Indexing — speeds up lookups; trade-off is slower writes and extra storage.
ACID transactions — BEGIN; … COMMIT; (or ROLLBACK; on failure).

Example input. A two-table relational design — customers references orders via the foreign key customer_id.

customers:

customer_id	customer_name
C1	Alice
C2	Bob

orders:

order_id	customer_id	amount
101	C1	100
102	C2	200
103	C1	50

Question. Write the CREATE TABLE statements for customers and orders with proper primary keys and a foreign key from orders to customers. Then write a transactional INSERT that adds a new customer plus their first order atomically — both rows commit or neither does.

Code solution.

CREATE TABLE customers (
    customer_id   TEXT PRIMARY KEY,
    customer_name TEXT NOT NULL
);

CREATE TABLE orders (
    order_id    INT PRIMARY KEY,
    customer_id TEXT NOT NULL REFERENCES customers(customer_id),
    amount      NUMERIC(10,2) NOT NULL
);

BEGIN;
INSERT INTO customers (customer_id, customer_name) VALUES ('C3', 'Carol');
INSERT INTO orders (order_id, customer_id, amount) VALUES (104, 'C3', 75);
COMMIT;

Explanation of code. The customers table declares customer_id as PRIMARY KEY (uniqueness + index automatically created). The orders table's customer_id is REFERENCES customers(customer_id) — a foreign key that prevents you from inserting an order for a non-existent customer. The BEGIN; … COMMIT; block makes both inserts a single atomic transaction: if the second insert fails for any reason, the first is rolled back automatically — the database never ends up with a customer who has no order or an order pointing to a missing customer.

Step-by-step.

step	statement	result
1	`CREATE TABLE customers`	empty table, `customer_id` enforced unique
2	`CREATE TABLE orders`	empty table; FK rejects orphan `customer_id`
3	`BEGIN`	open a transaction — changes are invisible until commit
4	`INSERT INTO customers ('C3', 'Carol')`	row staged; FK in `orders` will accept C3 later
5	`INSERT INTO orders (104, 'C3', 75)`	row staged; FK satisfied because C3 exists in-tx
6	`COMMIT`	both rows persisted atomically; on error, both rolled back

Output.

After the transaction commits:

customer_id	customer_name
C1	Alice
C2	Bob
C3	Carol

order_id	customer_id	amount
101	C1	100
102	C2	200
103	C1	50
104	C3	75

Rule of thumb: every multi-row write that has to be "all or nothing" goes inside a BEGIN; … COMMIT; block — that's the entire point of a relational database.

Data warehousing — fact tables, dimension tables, star schema

A data warehouse stores analytics-ready data optimised for fast SELECT queries (not for high-volume INSERT / UPDATE).

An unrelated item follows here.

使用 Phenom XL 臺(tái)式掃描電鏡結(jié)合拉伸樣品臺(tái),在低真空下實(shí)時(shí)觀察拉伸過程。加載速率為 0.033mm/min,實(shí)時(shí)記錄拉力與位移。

The canonical model is the star schema — one fact table in the middle that records events (sales, clicks, logins) surrounded by dimension tables that describe context (customers, products, dates). Heavily tested at interviews.

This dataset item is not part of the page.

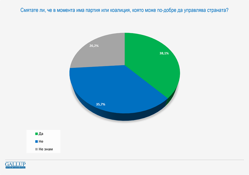 38,1% казват, че в момента има партия или коалиция, която да може по-добре да управлява страната, но почти толкова – 35,7% – казват, че няма такава. Останалите се колебаят.
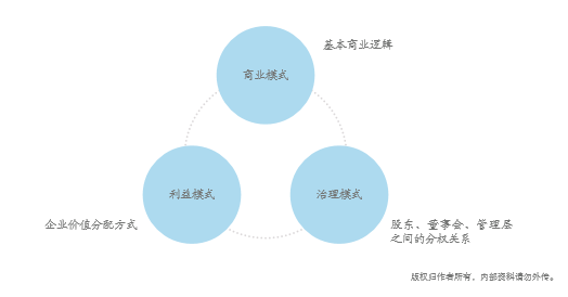 一般来说,企业的顶层设计包括商业模式、利益模式和治理模式。商业模式是企业的基本商业逻辑,利益模式指的是企业的价值分配方式,治理模式则是股东、董事会和管理层之间的分权制衡关系。如下图:

Fact table — measures events; mostly numeric columns + foreign keys to dimensions.
Dimension table — descriptive context; mostly text columns (customer name, product category).
Star schema — one fact in the centre, dimensions hanging off as star points.
Snowflake schema — dimensions further normalised into sub-dimensions.
Partitioning / clustering — physical layout choices that speed up filtered queries.

Example input. A star-schema design for an e-commerce sales fact with three dimensions.

fact_sales:

sale_id	date_id	customer_id	product_id	amount
S1	20260501	C1	P1	100
S2	20260501	C2	P2	200

dim_customer:

customer_id	customer_name
C1	Alice
C2	Bob

dim_product:

product_id	product_name
P1	Book
P2	Headphones

dim_date:

date_id	day	month	year
20260501	1	5	2026

Question. Write a query that joins the fact to all three dimensions and returns customer_name, product_name, month, and amount for every sale. This is the canonical "fact + dim rollup" report every BI dashboard runs.

Code solution.

SELECT
    c.customer_name,
    p.product_name,
    d.month,
    f.amount
FROM fact_sales f
JOIN dim_customer c ON c.customer_id = f.customer_id
JOIN dim_product  p ON p.product_id  = f.product_id
JOIN dim_date     d ON d.date_id     = f.date_id;

Explanation of code. The fact table sits in the middle and is joined once to each dimension on the matching surrogate key. Because each dimension has exactly one row per dimension key, the joins do not multiply rows — the output has the same number of rows as fact_sales. The SELECT then pulls the descriptive columns from the dimensions plus the amount from the fact.

Step-by-step.

step	action	result
1	scan `fact_sales`	2 rows (S1, S2)
2	join `dim_customer` on `customer_id`	S1 → Alice, S2 → Bob; row count unchanged (1:1)
3	join `dim_product` on `product_id`	S1 → Book, S2 → Headphones; row count unchanged
4	join `dim_date` on `date_id`	both rows pick up month=5; row count unchanged
5	`SELECT` 4 projected columns	final 2-row report

Output.

customer_name	product_name	month	amount
Alice	Book	5	100
Bob	Headphones	5	200

Rule of thumb: fact tables hold the measure; dimensions hold the context. If you can't tell whether a column belongs in the fact or the dim, ask "is this a number we'll aggregate, or text we'll group by?"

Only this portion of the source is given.